In presenting mid-year information on the nation's economy this week, Central Bank Governor Ewart Williams hinted at a state of affairs which the current administration should seek to redress as soon as possible. Discussing the country's fiscal situation, Governor Williams pointed out that, on a cash basis, T&T's overall deficit for the period October 2009 to May 2010 was $77.9 million. While noting the much smaller than anticipated deficit was on a cash basis, Governor Williams said: "The data need to be interpreted with caution since there are reportedly large payments owed to contractors and suppliers. When these are factored in, the projected overall deficit for the year as a whole could be about $5.8 billion or about 4 per cent of GDP, compared with the budgeted deficit of 5.3 per cent." This seems to suggest that the Government owes contractors and suppliers over $5 billion–monies which the State has been late in paying.
While the Government may treat the late payment of contractors and suppliers as a tool of fiscal management, there are very serious consequences to this scandalous state of affairs.
The Sub-contractors Association of T&T, this week, estimated that the construction industry has lost 35,000 jobs in the last 18 months as a result of non-payment or tardy payment of bills. What's more, the sub-contractors argued, many of them face insolvency as a result of the huge sums of money owed to them for work done on government construction projects. Late payment of outstanding bills not only contributes to unnecessary unemployment, it may be a direct cause of T&T's economic stagnation as businessmen may be unwilling to commit to new investments if they are owed billions of dollars by the Government. Moreover, if suppliers and sub-contractors receive late payments from the Government, they are often forced to enter into overdraft arrangements at usurious rates of interest. While overdraft may help to sustain the profits earned by banks, it adds significantly to the costs that local businesses are forced to bear, which they pass on to their other customers in order to survive. In effect, this means that the costs of goods and services in this country are higher than necessary simply as a result of the Government's failure to pay its bills on time. And it is not true that the Government is late with all of its disbursements.
Indeed, the Government is extremely efficient in making some payments on time.
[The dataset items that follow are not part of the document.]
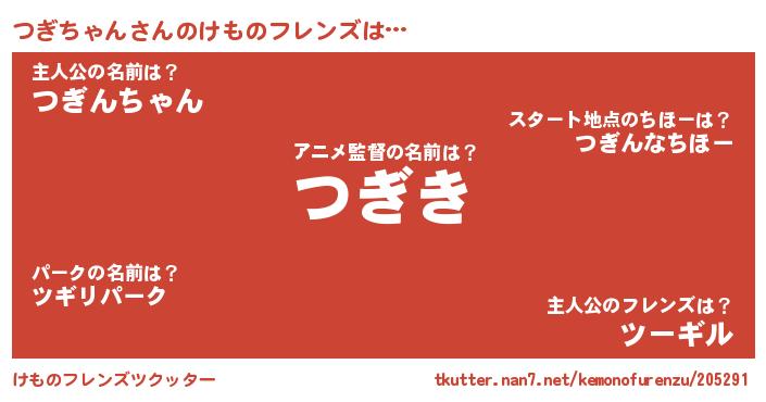 | 肩書あだ名 | 『つぎちゃん船長』『つぎちゃん班長』 |
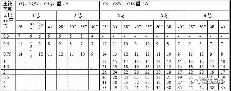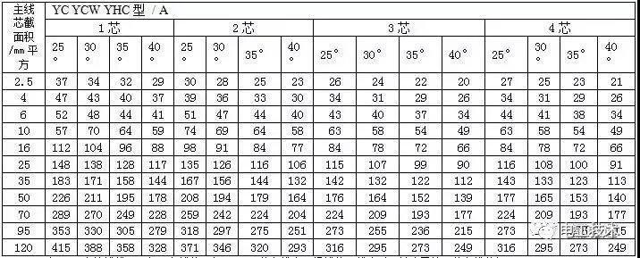 通用橡套軟電纜的載流量(450V/750V及以下橡膠絕緣電力電纜YQ、YQW、YHQ、YC、YCW、YHC型號(hào)的載流量
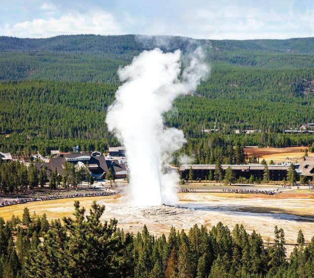 EAT AND DRINK For the park’s nicest breakfast, lunch, or dinner, the Lake Yellowstone Hotel Dining Room serves high-quality food in a serene lakeside setting. The Old Faithful Inn’s Bear Paw Deli is a fine option for grab-andgo coffee and sandwiches.
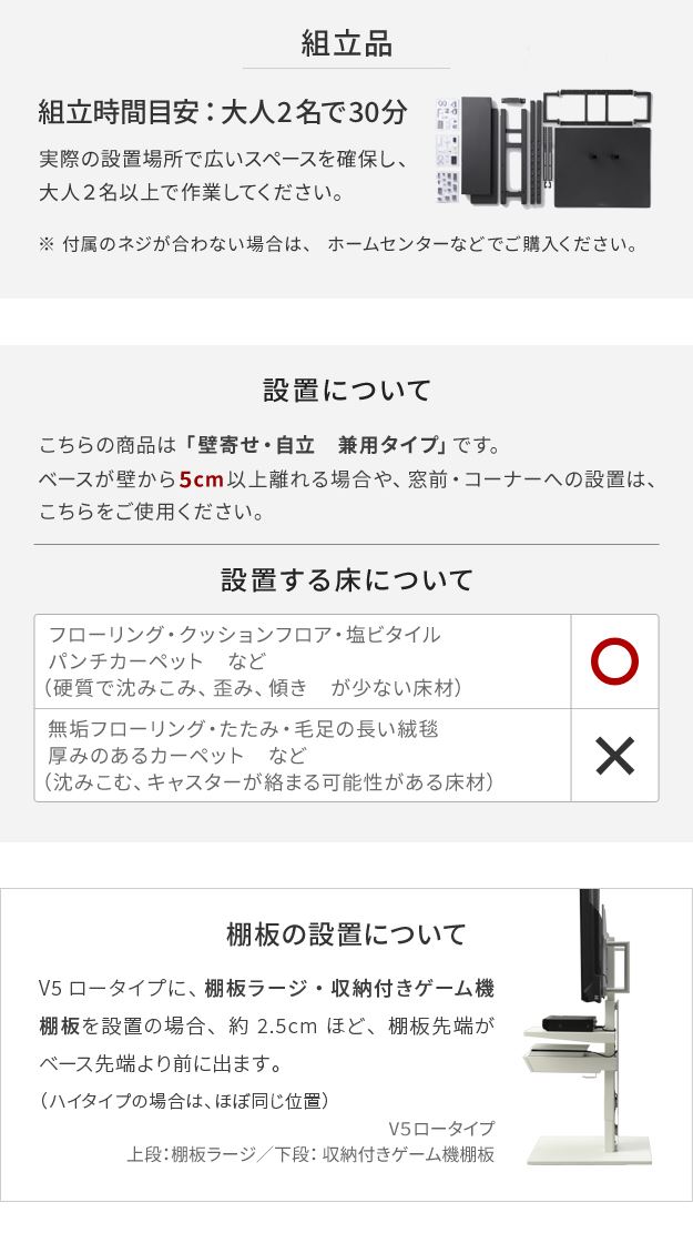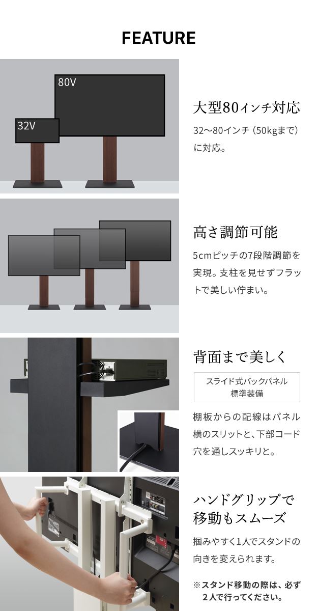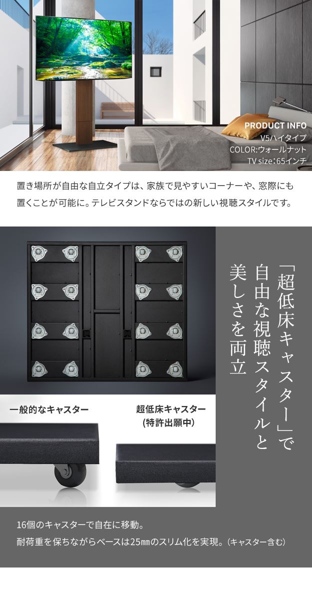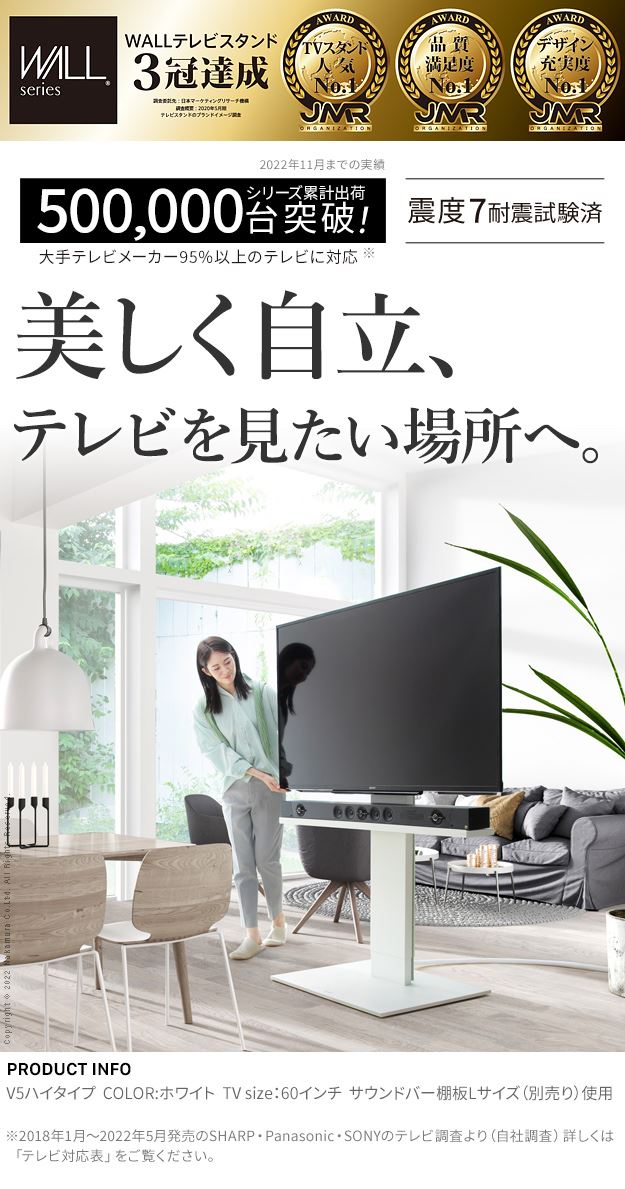 テレビスタンド 壁寄せ テレビ台 組立設置付き WALL V5 ハイタイプ 32〜80v対応 大型テレビ対応 背面収納 自立型 キャスター付き
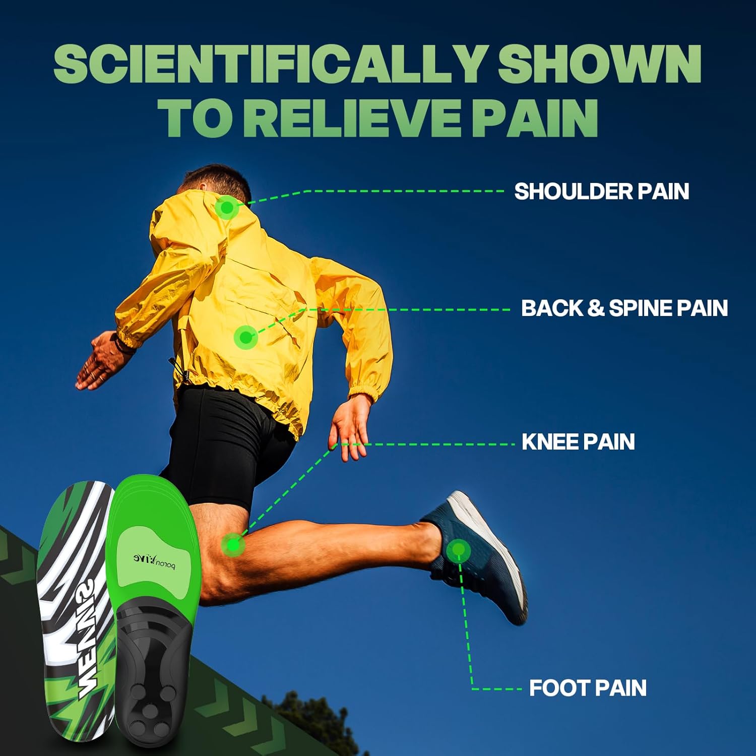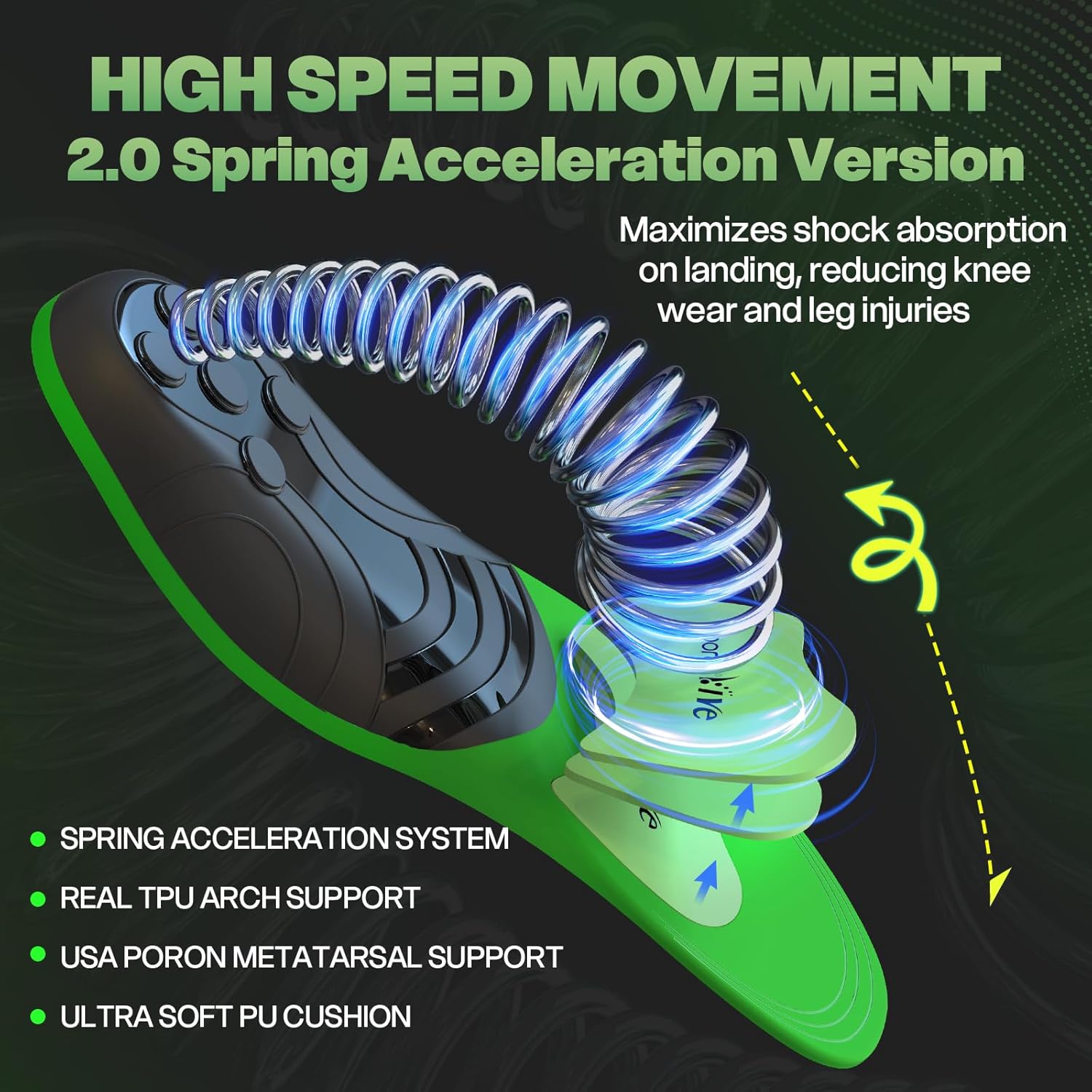 Triple-Layer Impact Defense: a PU base cushions your arch for plantar fasciitis relief, Premium PORON material in the forefoot pad shields the balls of your feet, and a rigid TPU heel cup locks the springs in place—lasting twice as long as foam or gel insoles

Government, for example, is never late in making payments of interest on the country's national debt or on repaying the principal when debts become due. As well, there is absolutely no question about late payment when the Government embarks on the massive monthly task of compensating its 100,000 public servants or the thousands of pensioners who depend on timely payment to meet their commitments. The Government has instituted systems to ensure that bondholders, employees and pensioners get paid on time. Why are there systems in place to ensure that bondholders, public servants and pensioners get paid on time, but not suppliers and contractors? While there is some element of verification needed before a contractor's bill can be paid, the simple answer is that there are serious consequences for a government that pays its bondholders, public servants and pensioners even one day late. In the case of government bonds, if the State were to make a late interest payment, bondholders could immediately move to have the Government declared to be in default of its debt obligations. Such an event would have a calamitous impact on the country–from an instant downgrade of T&T's sovereign debt, with the impact on future borrowing costs, to the refusal of foreign suppliers to ship goods to T&T.
Also, governments that pay salaries and pensions late face severe political consequences. The issue, then, is that the Government faces no direct consequences as a result of its failure to make timely payments to contractors and suppliers (the indirect consequences are huge and painful, as we have noted). As the largest employer, builder and purchaser of supplies by far in this country, there is no contractor or supplier who can afford not to work for the Government–regardless of the high price they are made to pay. We recommend, therefore, that the Government ensures that all outstanding bills are tallied, verified and paid before the Finance Minister reads the 2011 budget in Parliament. The Government must realise the negative impact that its late payment is having on the economy and must commit to making quantum improvements in the speed with which outstanding bills are paid–even if this means imposing penalties on itself or its employees for late payment.